→ **Work item**: Would you write out every record that follows exactly, with the pictures left out?

++++ Material supplied ++++

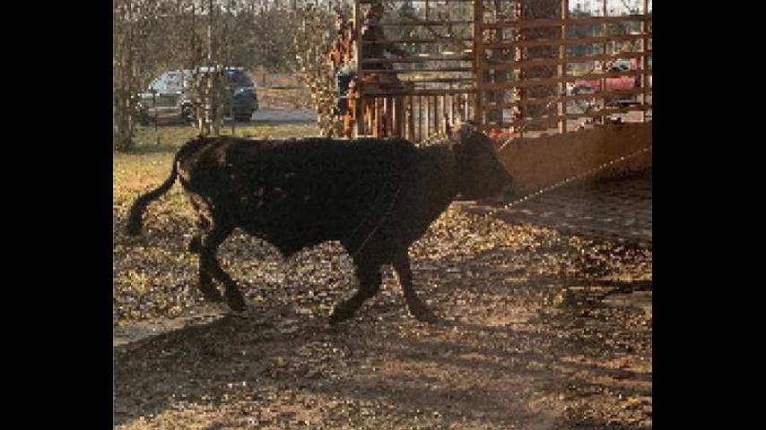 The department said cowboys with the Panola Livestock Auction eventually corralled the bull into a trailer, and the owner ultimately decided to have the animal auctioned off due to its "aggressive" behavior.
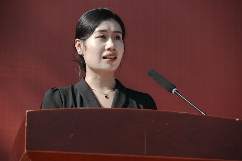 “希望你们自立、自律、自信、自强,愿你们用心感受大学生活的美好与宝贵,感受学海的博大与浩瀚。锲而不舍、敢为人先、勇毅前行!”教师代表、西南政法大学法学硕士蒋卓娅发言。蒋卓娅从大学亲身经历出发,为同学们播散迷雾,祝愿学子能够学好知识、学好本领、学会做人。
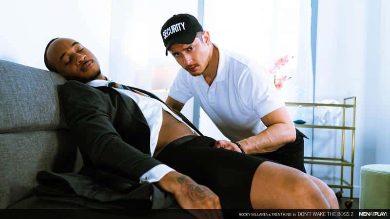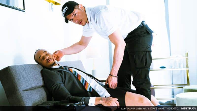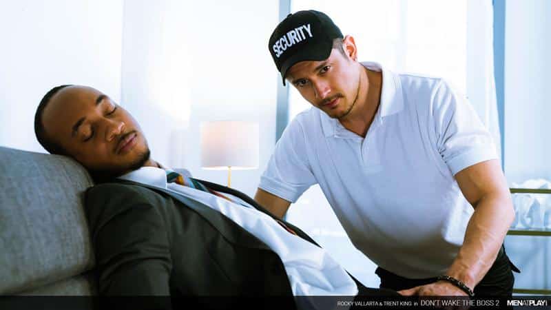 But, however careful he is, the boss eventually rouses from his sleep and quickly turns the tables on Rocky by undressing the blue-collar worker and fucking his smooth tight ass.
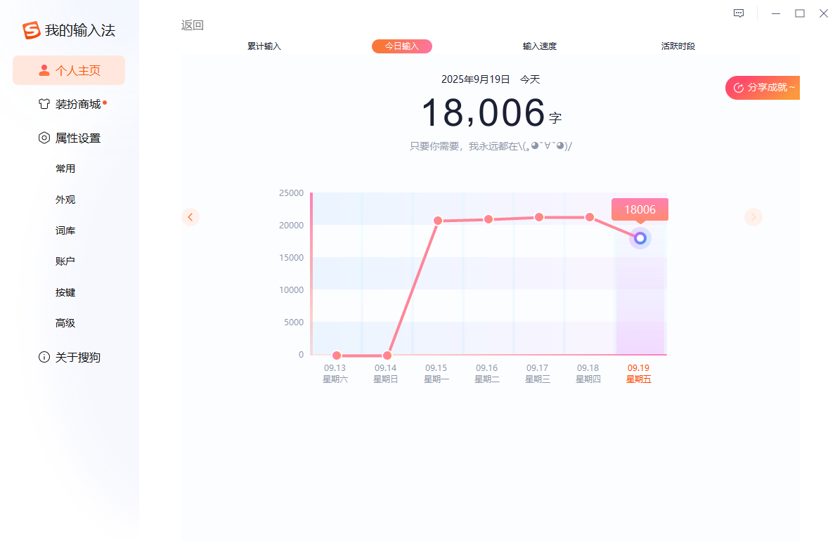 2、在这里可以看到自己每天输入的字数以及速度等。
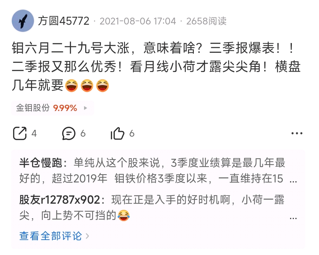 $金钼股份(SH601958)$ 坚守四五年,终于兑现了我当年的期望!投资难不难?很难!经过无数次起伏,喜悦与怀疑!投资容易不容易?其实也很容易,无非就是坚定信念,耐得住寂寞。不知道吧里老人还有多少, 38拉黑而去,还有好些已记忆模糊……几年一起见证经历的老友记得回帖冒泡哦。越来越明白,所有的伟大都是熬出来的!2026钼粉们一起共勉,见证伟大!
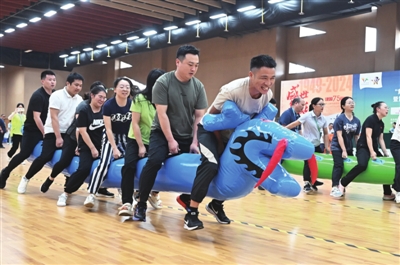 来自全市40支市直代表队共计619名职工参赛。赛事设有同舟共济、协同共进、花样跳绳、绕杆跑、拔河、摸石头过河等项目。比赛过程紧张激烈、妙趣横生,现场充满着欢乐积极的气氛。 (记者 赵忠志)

++++

→ **Your solution**:
 The department said cowboys with the Panola Livestock Auction eventually corralled the bull into a trailer, and the owner ultimately decided to have the animal auctioned off due to its "aggressive" behavior.
 “希望你们自立、自律、自信、自强,愿你们用心感受大学生活的美好与宝贵,感受学海的博大与浩瀚。锲而不舍、敢为人先、勇毅前行!”教师代表、西南政法大学法学硕士蒋卓娅发言。蒋卓娅从大学亲身经历出发,为同学们播散迷雾,祝愿学子能够学好知识、学好本领、学会做人。
 But, however careful he is, the boss eventually rouses from his sleep and quickly turns the tables on Rocky by undressing the blue-collar worker and fucking his smooth tight ass.
 2、在这里可以看到自己每天输入的字数以及速度等。
 $金钼股份(SH601958)$ 坚守四五年,终于兑现了我当年的期望!投资难不难?很难!经过无数次起伏,喜悦与怀疑!投资容易不容易?其实也很容易,无非就是坚定信念,耐得住寂寞。不知道吧里老人还有多少, 38拉黑而去,还有好些已记忆模糊……几年一起见证经历的老友记得回帖冒泡哦。越来越明白,所有的伟大都是熬出来的!2026钼粉们一起共勉,见证伟大!
 来自全市40支市直代表队共计619名职工参赛。赛事设有同舟共济、协同共进、花样跳绳、绕杆跑、拔河、摸石头过河等项目。比赛过程紧张激烈、妙趣横生,现场充满着欢乐积极的气氛。 (记者 赵忠志)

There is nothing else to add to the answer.